> **Goal of the exercise**:
Which lines run from the line with "Upstairs features two" through the line with "- снятие старого" in the entries below? Print them exactly, both ends included, and nothing more.

> **Data to process**:
——————
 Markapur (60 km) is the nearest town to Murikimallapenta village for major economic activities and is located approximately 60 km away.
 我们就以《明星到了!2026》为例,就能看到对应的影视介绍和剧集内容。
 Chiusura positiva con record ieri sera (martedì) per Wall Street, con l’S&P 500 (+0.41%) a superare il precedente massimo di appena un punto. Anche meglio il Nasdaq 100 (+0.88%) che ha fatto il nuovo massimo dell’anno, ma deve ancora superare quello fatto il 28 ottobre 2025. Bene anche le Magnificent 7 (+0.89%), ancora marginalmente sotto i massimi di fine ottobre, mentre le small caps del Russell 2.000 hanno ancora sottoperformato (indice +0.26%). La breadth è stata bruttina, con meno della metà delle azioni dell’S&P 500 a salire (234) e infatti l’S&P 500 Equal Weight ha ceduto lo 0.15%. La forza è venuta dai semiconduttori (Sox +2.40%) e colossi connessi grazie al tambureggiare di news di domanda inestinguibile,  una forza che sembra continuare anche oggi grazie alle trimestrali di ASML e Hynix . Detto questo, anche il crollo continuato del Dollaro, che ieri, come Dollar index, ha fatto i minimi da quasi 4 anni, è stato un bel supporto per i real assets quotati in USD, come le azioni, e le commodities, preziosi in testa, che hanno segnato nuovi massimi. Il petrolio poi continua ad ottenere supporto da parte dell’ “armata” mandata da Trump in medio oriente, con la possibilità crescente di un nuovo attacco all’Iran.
——————
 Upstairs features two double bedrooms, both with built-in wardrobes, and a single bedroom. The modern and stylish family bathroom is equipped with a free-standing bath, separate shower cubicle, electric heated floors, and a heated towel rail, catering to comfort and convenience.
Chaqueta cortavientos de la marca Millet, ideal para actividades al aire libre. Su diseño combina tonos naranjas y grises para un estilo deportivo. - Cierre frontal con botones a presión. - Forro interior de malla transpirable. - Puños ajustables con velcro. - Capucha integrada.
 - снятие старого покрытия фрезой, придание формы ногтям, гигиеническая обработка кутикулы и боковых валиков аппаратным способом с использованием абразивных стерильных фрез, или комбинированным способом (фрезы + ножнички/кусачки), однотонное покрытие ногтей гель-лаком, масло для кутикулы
——————
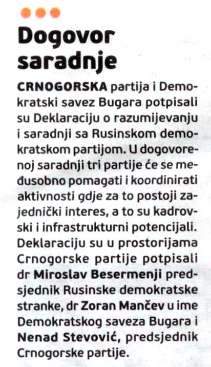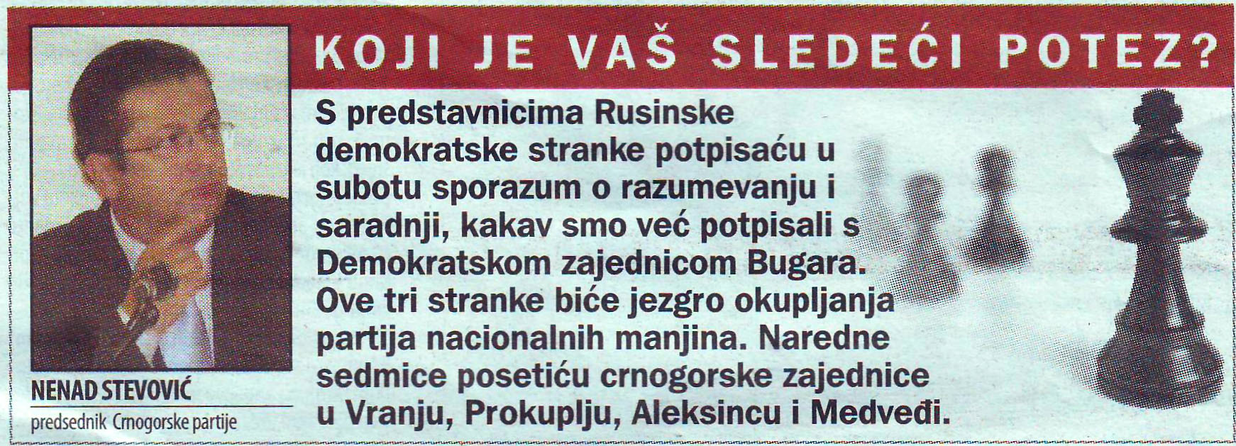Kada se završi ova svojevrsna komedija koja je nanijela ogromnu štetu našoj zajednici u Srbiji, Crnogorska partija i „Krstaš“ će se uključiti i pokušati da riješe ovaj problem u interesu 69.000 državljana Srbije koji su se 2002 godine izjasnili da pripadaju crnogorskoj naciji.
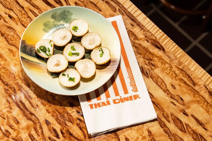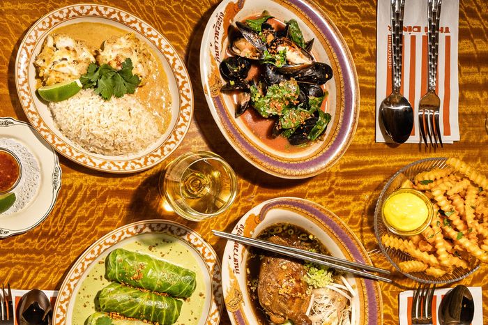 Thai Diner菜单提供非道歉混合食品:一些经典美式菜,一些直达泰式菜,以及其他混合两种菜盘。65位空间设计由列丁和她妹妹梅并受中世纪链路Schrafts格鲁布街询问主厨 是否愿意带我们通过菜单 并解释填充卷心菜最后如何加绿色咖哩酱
——————
> **Solution to the problem**:
 Upstairs features two double bedrooms, both with built-in wardrobes, and a single bedroom. The modern and stylish family bathroom is equipped with a free-standing bath, separate shower cubicle, electric heated floors, and a heated towel rail, catering to comfort and convenience.
Chaqueta cortavientos de la marca Millet, ideal para actividades al aire libre. Su diseño combina tonos naranjas y grises para un estilo deportivo. - Cierre frontal con botones a presión. - Forro interior de malla transpirable. - Puños ajustables con velcro. - Capucha integrada.
 - снятие старого покрытия фрезой, придание формы ногтям, гигиеническая обработка кутикулы и боковых валиков аппаратным способом с использованием абразивных стерильных фрез, или комбинированным способом (фрезы + ножнички/кусачки), однотонное покрытие ногтей гель-лаком, масло для кутикулы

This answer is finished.